- Task details: When you reach the line that holds "그러면 서버는 자신이", start copying exactly and keep going through the final line of the data, leaving out pictures.

Extracted data entries:
□ □ □ □ □ □ □

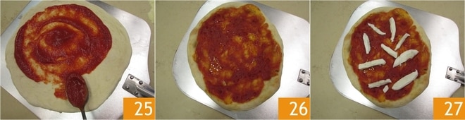 Nun verteilen Sie mit einem Löffel die Tomatensauce auf der Pizza, wobei Sie den Rand freilassen 25. Schieben Sie die Pizza vorsichtig auf den Pizzastein und lassen Sie sie etwa 6 Minuten backen. In der Zwischenzeit schneiden Sie den Mozzarella in Stäbchen 26 oder zupfen ihn mit den Händen. Sie können ihn vorsichtig ausdrücken, damit er bei der Zubereitung nicht zu viel Wasser abgibt 26. Nach 6 Minuten nehmen Sie die Pizza mit der Schaufel aus dem Ofen 27.
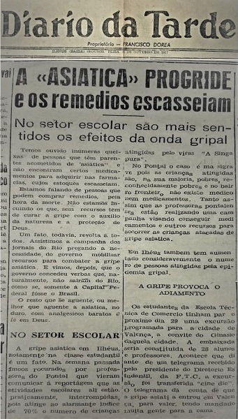 Leia no artigo o que aconteceu no BRASIL na década de 1950. O País completamente despreparado para enfrentar A GRIPE ASIÁTICA. Observe que, até o nome é da ÁSIA. As desgraças vêm sempre de fora. Matéria publicada no DIÁRIO DA TARDE, edição de 21-10-1957.
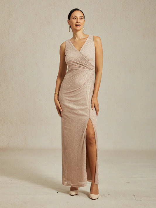 Metallic Pleated Chiffon V-Neck Maxi Dress
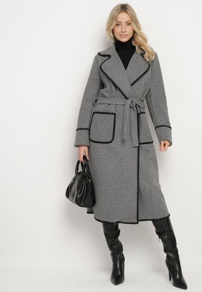 Szary Płaszcz z Kontrastowymi Obszyciami o Szlafrokowym Kroju z Wiązanym Paskiem Norenamia
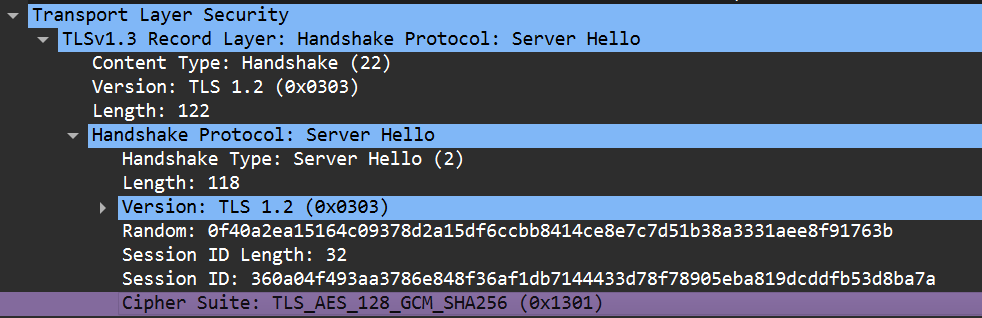 그러면 서버는 자신이 지원하는 암호화 알고리즘과 대조 후 최신의 적당히 빠르면서 안전한(아마도) 알고리즘을 선택해서 "응 그러면 우리 이렇게 암호화 해서 통신하자" 하고 알려준다. 바로 다음처럼 말이다
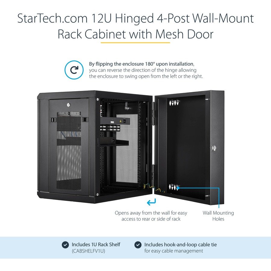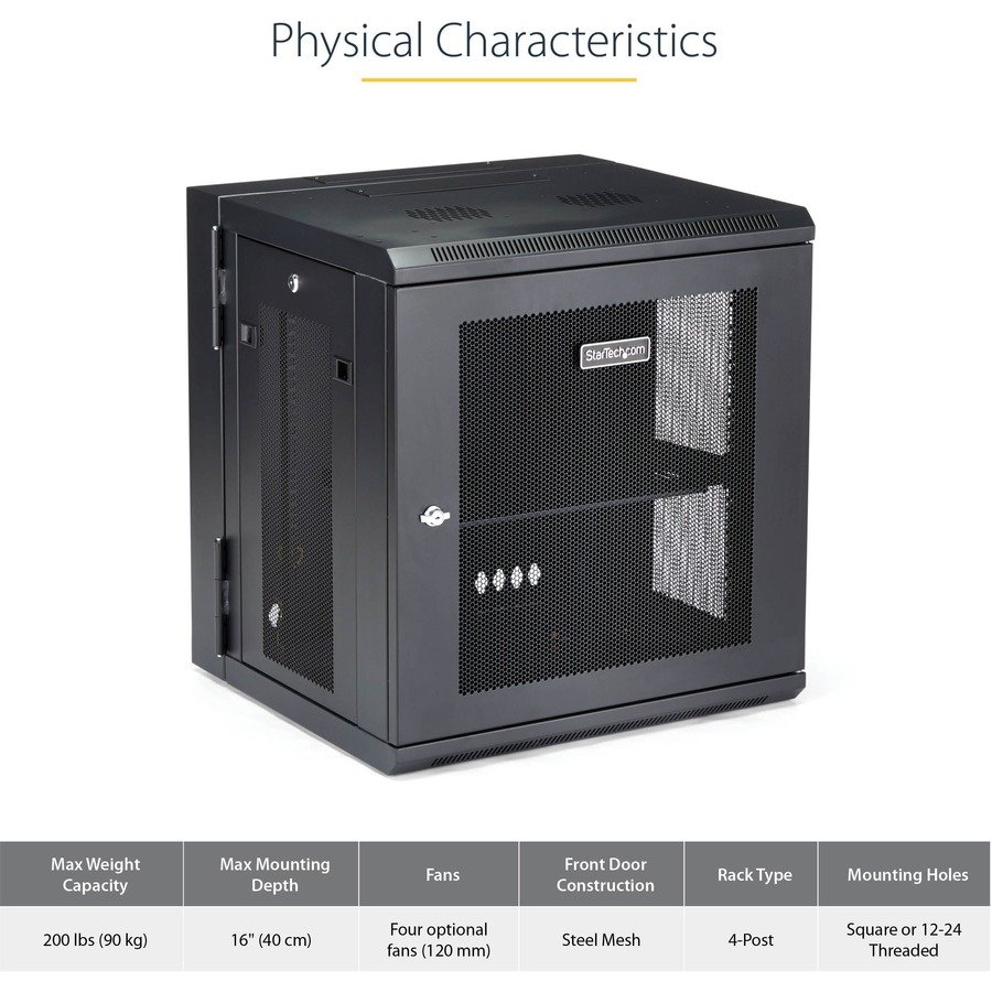 12U 19 in wall mount network cabinet – Switch depth rack enclosure – 180° hinged design – Lockable access to front rear & sides w/ 200 lb. weight cap 16in mounting depth – Pre-assembled – Includes 50 cage nuts/bolts, a shelf hook-and-loop & 4 keys

□ □ □ □ □ □ □

- The answer:
 그러면 서버는 자신이 지원하는 암호화 알고리즘과 대조 후 최신의 적당히 빠르면서 안전한(아마도) 알고리즘을 선택해서 "응 그러면 우리 이렇게 암호화 해서 통신하자" 하고 알려준다. 바로 다음처럼 말이다
 12U 19 in wall mount network cabinet – Switch depth rack enclosure – 180° hinged design – Lockable access to front rear & sides w/ 200 lb. weight cap 16in mounting depth – Pre-assembled – Includes 50 cage nuts/bolts, a shelf hook-and-loop & 4 keys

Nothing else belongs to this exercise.